SENEGAL—In cooperation with the Ecole Inter-Etats des Sciences et Médecine Vétérinaire (EISMV), the African Union-Inter-African Bureau for Animal Resources (AU-IBAR) has completed hosting its second practical training.

This training , which took place at the Ecole Inter-Etats des Sciences et Médecine Vétérinaire (EISMV) in Dakar, Senegal, concentrated on laboratory techniques and surveillance for antimicrobial resistance (AMR).

Ten technicians and professionals in the field of animal health from the Central African Republic, Democratic Republic of the Congo, Gabon, Cote D’Ivoire, Niger, Mauritania, Guinea-Conakry, Equatorial Guinea, Burkina Faso, and Djibouti convened for a rigorous training session that was conducted entirely in French from February 12 to 16, 2024.

This workshop was organized by the Containing the Emergence and Spread of Antimicrobial Resistance in Africa (CES-AMR Africa) Project.

 It is the second of its kind following a successful inaugural session that took place from September 25 to 29, 2023.

The United States Department of Agriculture (USDA) provides funding for the CES-AMR Africa Project, which is a component of the Economics Trade and Marketing Unit (AU-IBAR).

This five-day training program’s main goal was to give participants the information and abilities needed for efficient AMR surveillance, lab testing, animal pathogen isolation, and data gathering and analysis methods.

AU-IBAR and EISMV sought to enable participants to effectively solve AMR concerns at the national level by offering hands-on training based on real-world scenarios.

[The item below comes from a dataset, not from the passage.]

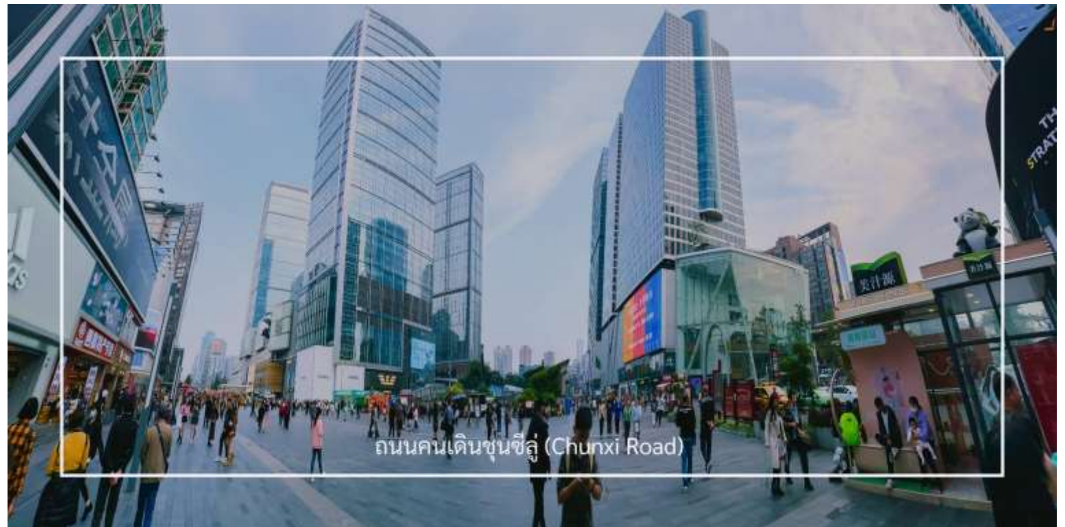
ถนนคนเดินชุนซีอู่ (Chunxi Road)

เดินข้ามถนนมาอีกหน่อย ท่านจะได้ซื้อป๊อง ถนนคนเดินชุนซีอู่ (Chunxi Road) เต็มไปด้วยร้านค้าแบรนด์ชั้นนำทั้งในและต่างประเทศ รวมถึงร้านเสื้อผ้าแฟชั่น รองเท้า อุปกรณ์อิเล็กทรอนิกส์ และของฝาก ถนนคนเดินชุนซีอู่เป็นจุดที่มีความคึกคักและเต็มไปด้วยผู้คน โดยเฉพาะในช่วงวันหยุดสุดสัปดาห์และเทศกาลต่างๆ คุณจะได้พบกับการแสดงศิลปะการแสดงดนตรี และกิจกรรมที่น่าสนใจ มีร้านอาหารมากมายที่เสิร์ฟอาหารท้องถิ่นและขนมหวานที่หลากหลาย นักท่องเที่ยวสามารถลิ้มลองเมนูพื้นเมืองที่อร่อย เช่น เสี่ยวหลงเปา (ซาลาเปานึ่ง) หรือขนมโบราณตามรอยซีรีส์จีนอย่าง มาโลโกว ก็มีเช่นกัน

Experts in the area lead a combination of theoretical lectures and hands-on activities every day as part of the well-planned training program that covers a wide variety of topics essential for managing antimicrobial resistance.

AU-IBAR and EISMV gave the introductory remarks on the first day, which were followed by self-introductions, an outline of the training goals, and discussions on the variables impacting the onset of AMR and AMR monitoring procedures.

In addition, a visit to the laboratory to examine optimal procedures for susceptibility testing and poultry necropsies was part of the practical sessions for the day.

Participants improved their skills in laboratory testing and isolation techniques, antibiotic susceptibility testing, and data management for AMR monitoring between the second and fourth days of the training, which concentrated on animal pathogen isolation, data collection, and analysis.

Furthermore, the practical exercises gave participants significant practical experience, ensuring they were prepared to use their newly acquired knowledge in everyday scenarios.

Certificates recognizing the participants’ successful completion of the training were issued out on the last day of the program.

EISMV and AU-IBAR’s closing statements emphasized the value of teamwork in combating AMR and reaffirmed their commitment to ongoing capacity-building programs.

The practical training program organized by AU-IBAR and EISMV has resulted in significant advancements in the battle against antimicrobial resistance (AMR) throughout Africa.

These initiatives are essential for maintaining the long-term control of antimicrobials in the veterinary industry and safeguarding public health.

By giving experts in animal health the resources and know-how they require to carry out their duties efficiently, they achieve this.

With participants equipped with new skills and knowledge, the program’s knock-on effects are expected to have a significant impact on antimicrobial resistance (AMR) mitigation efforts throughout the continent.